Çevresel ve genetik faktörlerle ilgili çalışmaların hala devam ettiğini söyleyen Yrd. Doç. Dr. Neriman Kilit, “Genetik irtibatına ispat AS’nin aile ortasında ortaya çıkma tandansı ve aile bireylerinde gözlemlenen AS’nin semptomlarına benzeri ancak daha hudutlu halde ortaya çıkan toplumsal etkileşimde, lisan ve okuma marifetinde yavaşça zorluklar üzere davranışsal belirtiler daha yüksek görülmektedir. Teşhis çoklukla 4 ile 11 yaş içinde konur. Asperger Sendromu’nun yaygınlığının 1000 bireyde 0,26 olduğu düşünülmektedir. Erkek çocuklar, kız çocuklara nazaran Asperger Sendromu olma konusunda daha yüksek bir risk taşımaktadır” dedi.

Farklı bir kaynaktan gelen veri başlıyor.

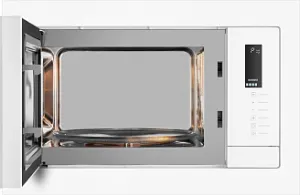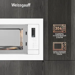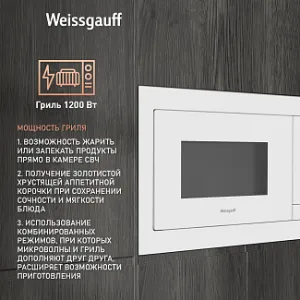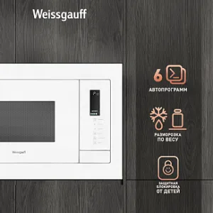 Встраиваемая микроволновая печь Weissgauff с объемом 25 литров, выполненная в белом цвете, равномерно разогревает еду при помощи поворотного стола, а также оснащена грилем с возможностью работы в комбинированном режиме и набором программ автоменю!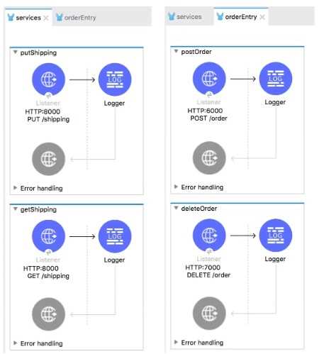 The two Mule configuration files belong to the same Mule project. Each HTTP Listener is configured

Tedavisi özel eğitimle mümkün

Asperger Sendromu’nun tedavisinin özel eğitim olduğunu vurgulayan Yrd. Doç. Dr. Neriman Kilit, eğitim programlarının hepsinin genel maksadının çocukların gelişimlerini her alanda desteklemek ve potansiyellerini artırmak olduğunu söylemiş oldu.

Asperger Sendromu için ülkü tedavi sisteminin, zayıf bağlantı marifetleri ile obsesif ve bir dahaleyici rutinlerden oluşan, ana belirtilere hitap eden terapiler halinde tanımlayan Yrd. Doç. Dr. Neriman Kilit, kelamlarını şöyleki tamamladı: “Müdahale ne kadar erken olursa o kadar yeterli olduğunda hemfikir olunsa da en yeterli tedavi paketi diye bir şey yoktur. Asperger Sendromu tedavisi öteki yüksek fonksiyonlu OSB (Otizm Spektrum Bozukluğu) tedavilerine misal fakat lisan maharetlerini, sözel irtibatın kuvvetli yanlarını ve kelamlı olmayan bağlantının zayıf yanlarını da dikkate alır. Asperger Sendromlu bireyler büyük ölçüde örgün eğitimlerine de devam edebilirler. Asperger Sendromu olanların beklenen hayat mühletleri olağandır fakat öngörüyü kıymetli derecede etkileyebilecek buhran ve dert üzere ek psikiyatrik durum yaygınlıkları yüksektir” dedi.